Alexandra Oprea, PhD, assistant professor of philosophy
University at Buffalo

BUFFALO, N.Y. – Introducing compulsory voting in the United States and other majoritarian democracies, with meaningful and enforceable penalties for abstention, has the potential to reduce political polarization and protect democratic institutions from anti-democratic threats, according to a groundbreaking paper published by a University at Buffalo political philosopher.

The findings in the journal American Political Science Review involve the novel repurposing of existing theoretical political models to show how a compulsory voting system could reduce the distance between the proposed policies of two major political parties.

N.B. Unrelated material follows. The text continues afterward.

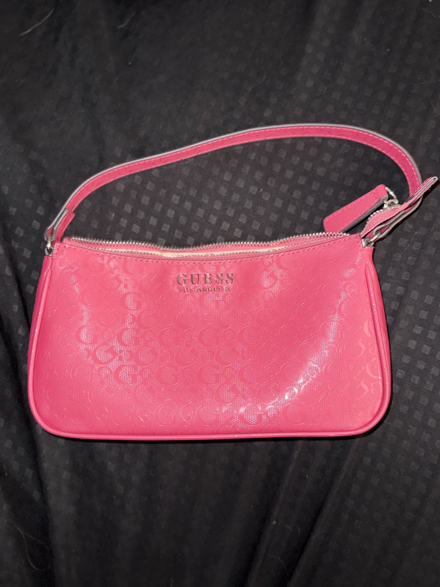 Perfect for Valentine’s Day !! In great condition! Brand: Guess Style: Shoulder Bag / Baguette Bag Color: Pink / Fuchsia Material: Faux leather with logo-printed lining Hardware: Silver-tone hardware Features: Top zip closure, single shoulder strap, pulse extra strap and interior pockets

“One reason for political polarization is that candidates have to cater to their parties’ extremists, who threaten to not turn out unless their demands are met. Compulsory voting could push party platforms toward the center by reducing extremists’ ability to make these kinds of threats. This would directly decrease polarization,” says Alexandra Oprea, PhD, an assistant professor of philosophy in UB’s Philosophy, Politics and Economics program, and the paper’s first author.

“We need to be creative and consider options for increasing turnout because the harms caused by political polarization are severe for democracy,” Oprea says.

Voting, often called a citizen’s “duty,” has remained largely voluntary since the beginning of Athenian democracy. But that has started to change, as many democracies have installed, experimented or proposed compulsory voting systems.

There are currently 27 countries worldwide with compulsory voting in place including Australia, Belgium and Peru. Another 12 countries have experimented with such a system. Canada, the United Kingdom and France recently introduced compulsory voting bills that failed to gain support.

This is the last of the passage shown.